Я следователь благонамеренный и добиваюсь только истины, не имея при этом никаких личных видов; следовательно, я не только имею право, но и обязан изыскать все средства, чтобы достигнуть этой истины. Конечно, я не стану давать любезных затрещин – на это я не способен, – но и кроме затрещин есть целый ряд полицейских хитростей, который может быть употреблен в дело. Мне скажут, может быть, что это нравственное вымогательство (другие, пожалуй, не откажутся употребить при этом и слово "подлость"), но в таком случае я позволяю себе спросить, какие же имеются средства к открытию истины?
Итак, мне нужна была доверенность Мавры Кузьмовны; необходимо было вызвать ее на откровенность, и если бы она, в частном и любезном разговоре (особливо же при свидетелях), высказала то, что для меня потребно, в таком случае я не прочь был бы оформить эту любезную откровенность законным порядком. Само собою разумеется, что в дальнейшем развитии дела могут быть пущены в ход разного рода неожиданности: чтение некоторых писем, появление из задних дверей интересных лиц и т. п. И все это в пользу истины, только истины…

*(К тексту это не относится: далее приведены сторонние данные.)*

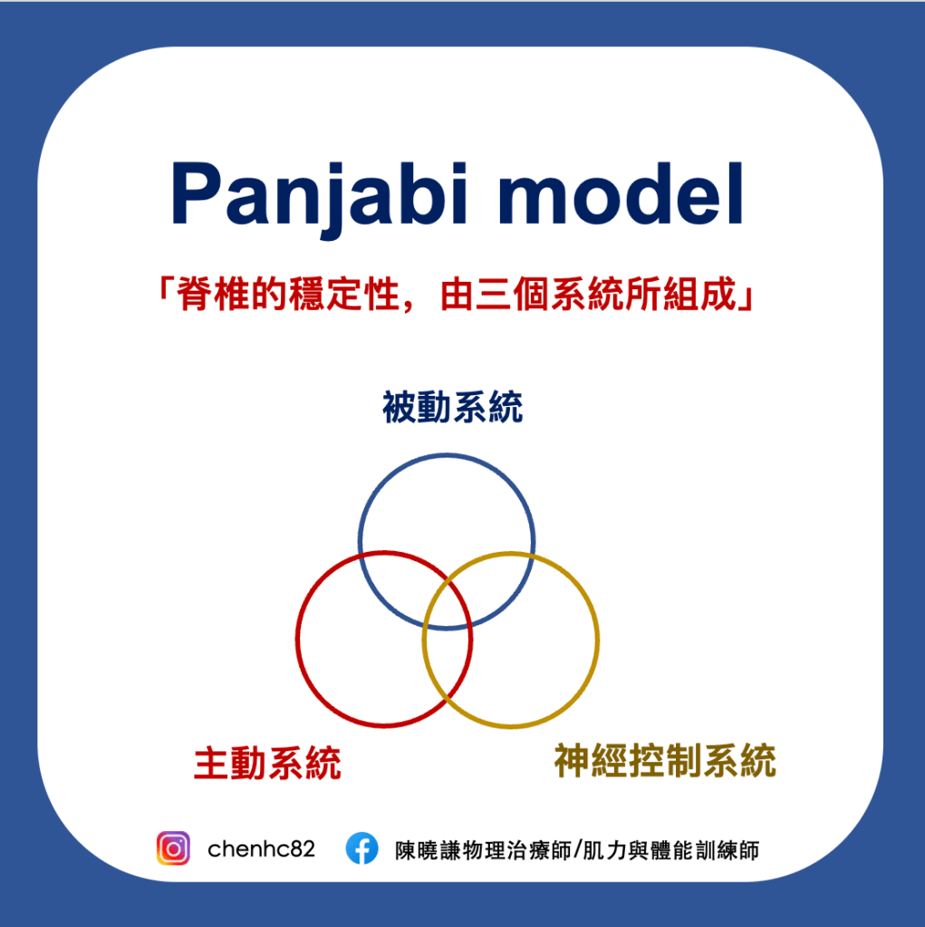 Panjabi model是在敘述「脊椎的穩定性,是由三個系統所組成,在訓練或治療時需同時考量進去」。我想這個理論可以應用在人體的各種動作,也就是所有動作都至少是由這三個系統「主動系統、被動系統、神經控制系統」三個要素所組成。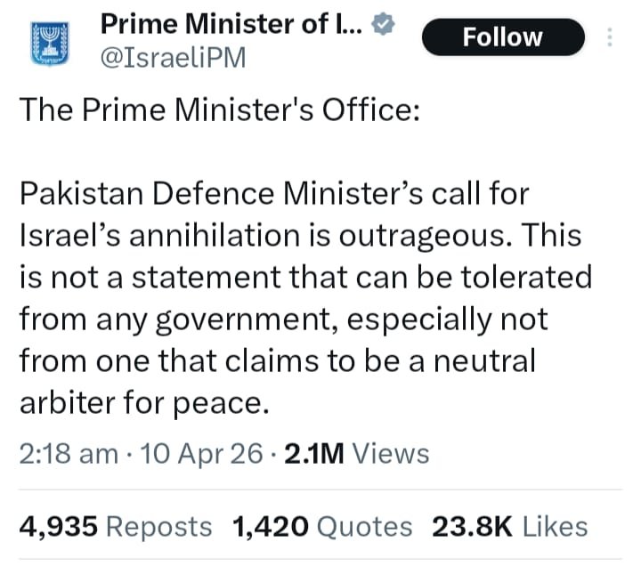 इजराइल के प्रधानमंत्री बेंजामिन नेतन्याहू कार्यालय ने एक्स पोस्ट कर पाकिस्तानी रक्षामंत्री के बयान की निंदा करते हुए कहा कि इसराइल के खात्मे की कामना बेहद आपत्तिजनक है। खासकर उस सरकार से जो खुद को शांति का मध्यस्थ बताती हो, उससे ऐसे बयान की उम्मीद नहीं की जा सकती।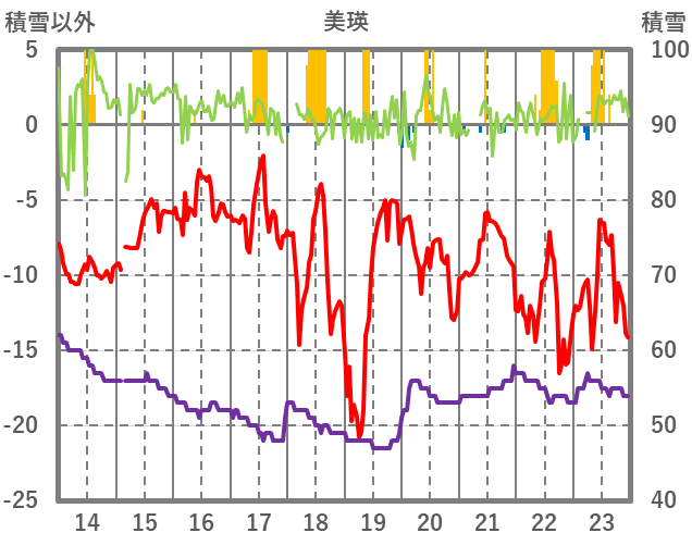 | 日 | 時 | 気温 | 降水 | 風向/風速 | 日照 | 積雪 | 降雪 |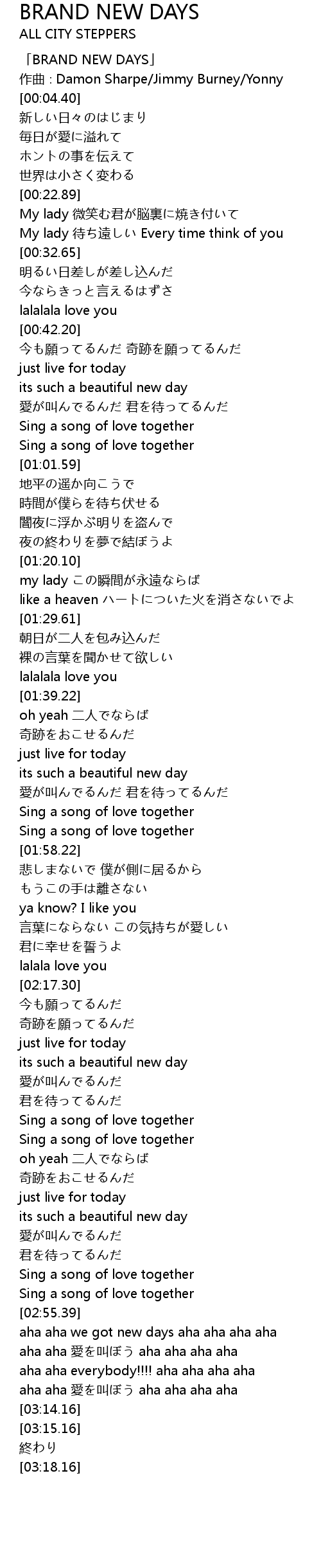 | [02:56.06] | aha aha we got new days aha aha aha aha |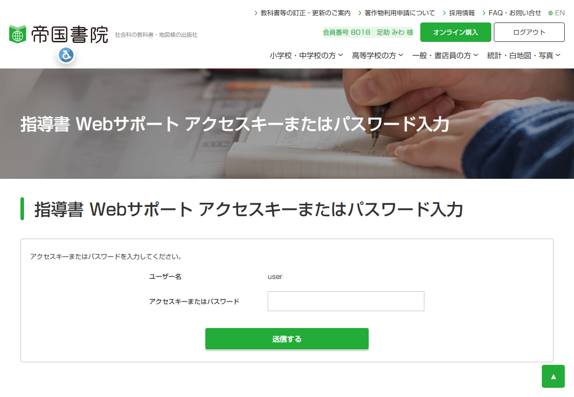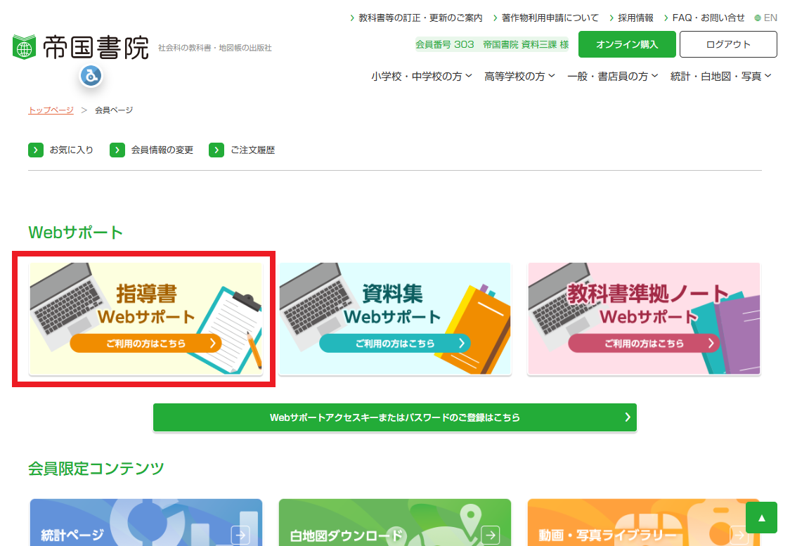 会員ログインすると、会員ページが表示されます。「指導書Webサポート ご利用の方はこちら」というバナーをクリックしてください。
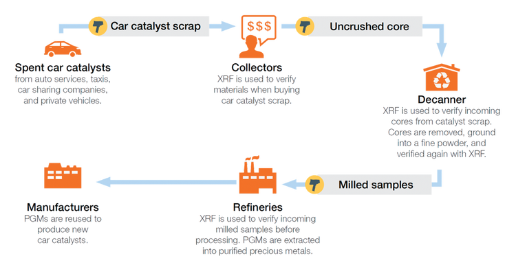 Colectori. XRF este utilizat pentru a verifica materialele atunci când cumpărați deșeuri de catalizator. Nucleu nezdrobit. Decanner. XRF este utilizat pentru a verifica nucleul primit din deșeurile de catalizator. Miezul este îndepărtat, măcinat într-o pulbere fină și verificate din nou cu XRF. Mostre măcinate. Rafinării. XRF este utilizat pentru a verifica mostrele măcinate înainte de procesare. PGM extrase în metale prețioase purificate. Producători. PGM sunt utilizate pentru a produce catalizatoare auto noi.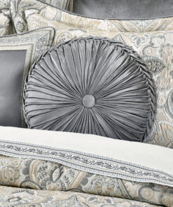 The Annabelle Tufted Round Pillow uses a soft silver velvet fabric to create a one of a kind accent to this bedding ensemble. These unique pillows are hand tufted and are finished with a fabric button accent on both sides.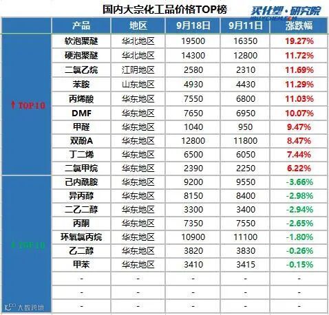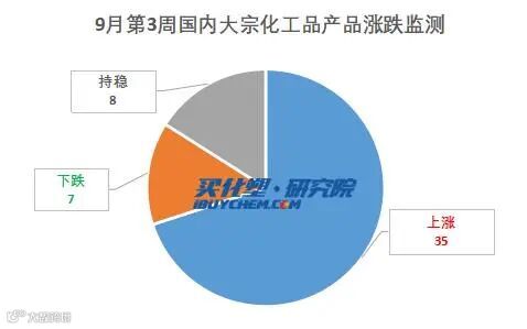 本周来看,“金九”传统旺季中,经济运行的积极变化在增多,市场需求继续恢复,化工品多为持续涨势,整体三季度经济增速有望比二季度明显加快。在“金九银十”传统旺季带动下,预计后期国内整体化工市场将持续向好。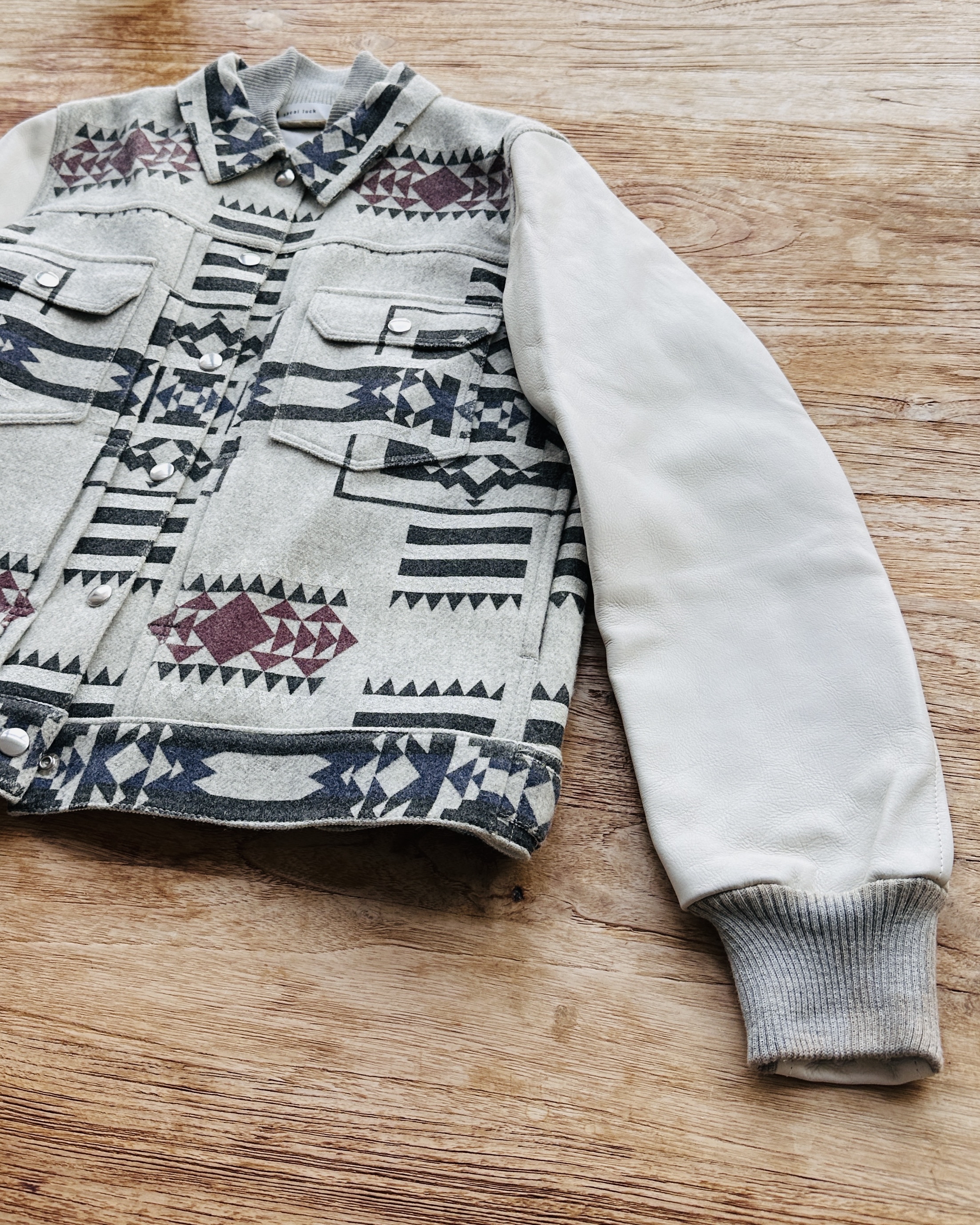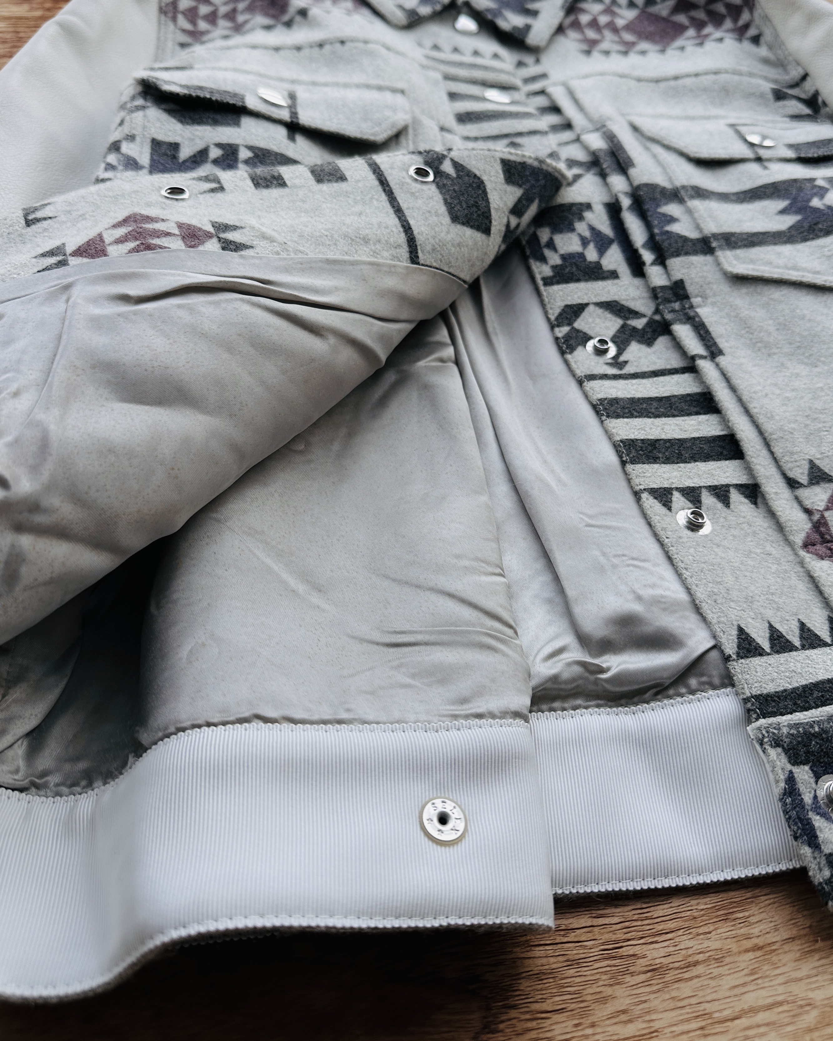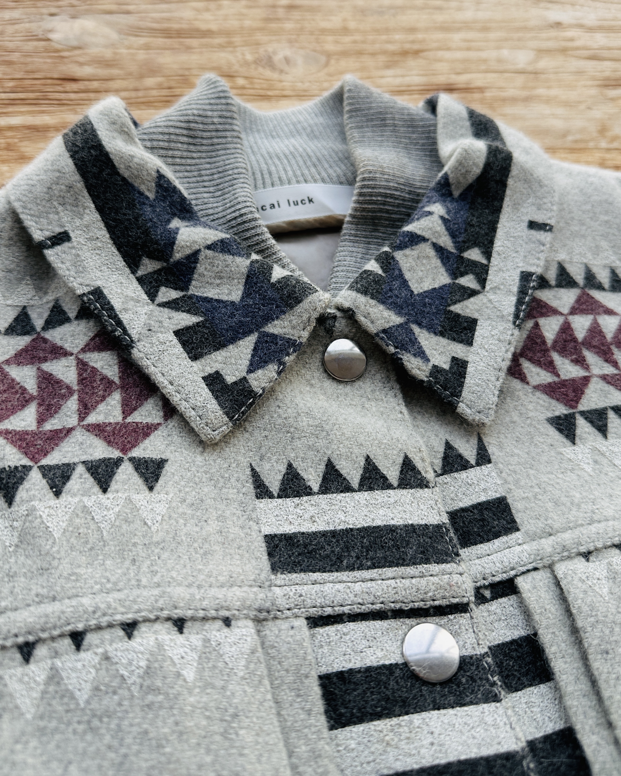 10幾年前Sacai春秋兩季都會以Sacai Luck命名,貌似副線其實又唔算係。呢件2014 pre-fall嘅,好易以為聯乘Pendleton,不過呢兩個單位真正合作要等多5年,呢件純粹要嚟熱吓身🤟🏼。留意衫領同袖口灰色布隨年月有啲變色,不過真身唔算起眼,衫身一啲事都冇🧚🏼♀️ 價錢:HK$750 品牌:Sacai Luck 尺碼:3 / M-L 尺寸:40cm (肩)|108cm (胸-buttoned)|108cm (腰-buttoned)|62cm (袖)|58cm (長) 註:80%新|放耐咗袖口、衫領及內裡布起漬,但唔影響衫身|100% wool|50% cotton + 50% polyester|100% cupro (底)|日本製 *二手產品難達全新狀態,耗損或歲月痕跡屬正常情況,較明顯/嚴重嘅問題會標明或影底,敬請見諒。 *進入付款程序後,請於10分鐘內完成付款,否則絲統會自動取消訂單。 逢星期四寄出|不設退換或退款|順豐運費到付|只寄香港不寄海外

Полный этих намерений, я решился лично посетить Мавру Кузьмовну, чтобы ее, так сказать, сразу ошеломить моею благосклонною внимательностью. Сверх того не лишне было ознакомиться и с характером моей новой пациентки, чтобы приспособиться к нему и заметить ту струнку, на которую удобнее можно действовать.
Дом Мавры Кузьмовны, недавно выстроенный, глядел чистенько и уютно. Дверь из сеней вела в коридор, разделявший весь дом на две половины. Впоследствии я узнал, что этот коридор был устроен не случайно, а вследствие особых и довольно остроумных соображений.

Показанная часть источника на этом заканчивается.